In the early 1970s, Marlon Brando experienced a career resurgence thanks to his Oscar-winning turn as Don Vito Corleone in The Godfather and his Oscar-nominated role in the highly controversial Last Tango in Paris. Suddenly, after a decade of being on the outs in Hollywood thanks to his difficult and often bizarre behaviour, Brando was once again revered as the greatest of all time.
It was during this period that Brando began to pay attention to the rise of another young Hollywood hellraiser whose talents were undeniable, but whose behaviour raised question marks. This star was offered the role of Michael Corleone in The Godfather but turned it down as he wasn’t of Italian-American descent. Instead, he chose to make seminal counter-culture movies like Easy Rider, Five Easy Pieces, and The Last Detail, all while reportedly fueled by cocaine or high on marijuana.

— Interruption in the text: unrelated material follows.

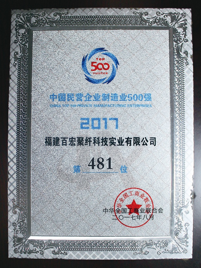 8月24日,全国工商联发布了“2017年中国民营企业制造业500强”,福建心博在线平台(中国)官网聚纤科技实业有限公司荣登榜单。

This star was, of course, the legendary Jack Nicholson, and Brando was immediately wary of the prodigiously gifted, yet seemingly uncontrollable, young actor. Imagine his shock, then, when Nicholson moved in next door to him in Los Angeles. Their houses were so close, in fact, that they shared a gate, and Nicholson revealed that Brando wasn’t exactly thrilled when he first introduced himself as his new neighbour.
“At first, he thought of me as a threat to his home,” Nicholson once admitted to The Bulletin. “He was strictly against dope, and he thought I was a criminal.”
Indeed, in this era, Brando wasn’t entirely wrong. Nicholson was taking a hell of a lot of drugs back then, claiming it was a way to unlock his creativity while writing screenplays, although they certainly helped make his debauched house parties a lot more fun, too. The Chinatown star didn’t just stop at cocaine and marijuana, either. His tastes ran a lot more hallucinatory than that, and he would regularly take LSD, which biographer Marc Elliot claimed led to life-changing experiences such as believing “he had seen the face of God. He also had castration fantasies, homoerotic fantasies, and revelations about not being wanted as an infant.”
From Nicholson’s perspective, hearing that Brando was so wary of him was a real downer. After all, like most actors of his generation, he had grown up idolising the icon for his revolutionary performances. Brando was the kind of actor who quite literally changed the game and encouraged aspiring young hopefuls like Nicholson to try their hand at acting.
“When I was growing up in New Jersey, one of my summer jobs was working as an assistant manager of a local movie theatre,” Nicholson once told Rolling Stone. “I must have seen every performance of On the Waterfront, twice a night. You just couldn’t take your eyes off the guy. He was spellbinding.”
At this time, Brando may have had a reputation as an eccentric oddball who could be challenging to work with and had a penchant for mooning people on set, but none of his weird flourishes were the result of narcotics. In truth, he didn’t mess around with drugs at all. So, it’s understandable that he may have thought some drug-crazed maniac had moved in next door, and he was nervous about it.
Thankfully, Nicholson proved to Brando that taking drugs “was not my defining trait,” and after that, they became friends for the last 30 years of the ageing star’s life. “I learned he wasn’t nearly as reclusive or serious as people thought,” Nicholson mused. “We’d talk in the driveway like any other neighbours. Though I guess most neighbours don’t leave their underpants in your fridge.” Classic Brando.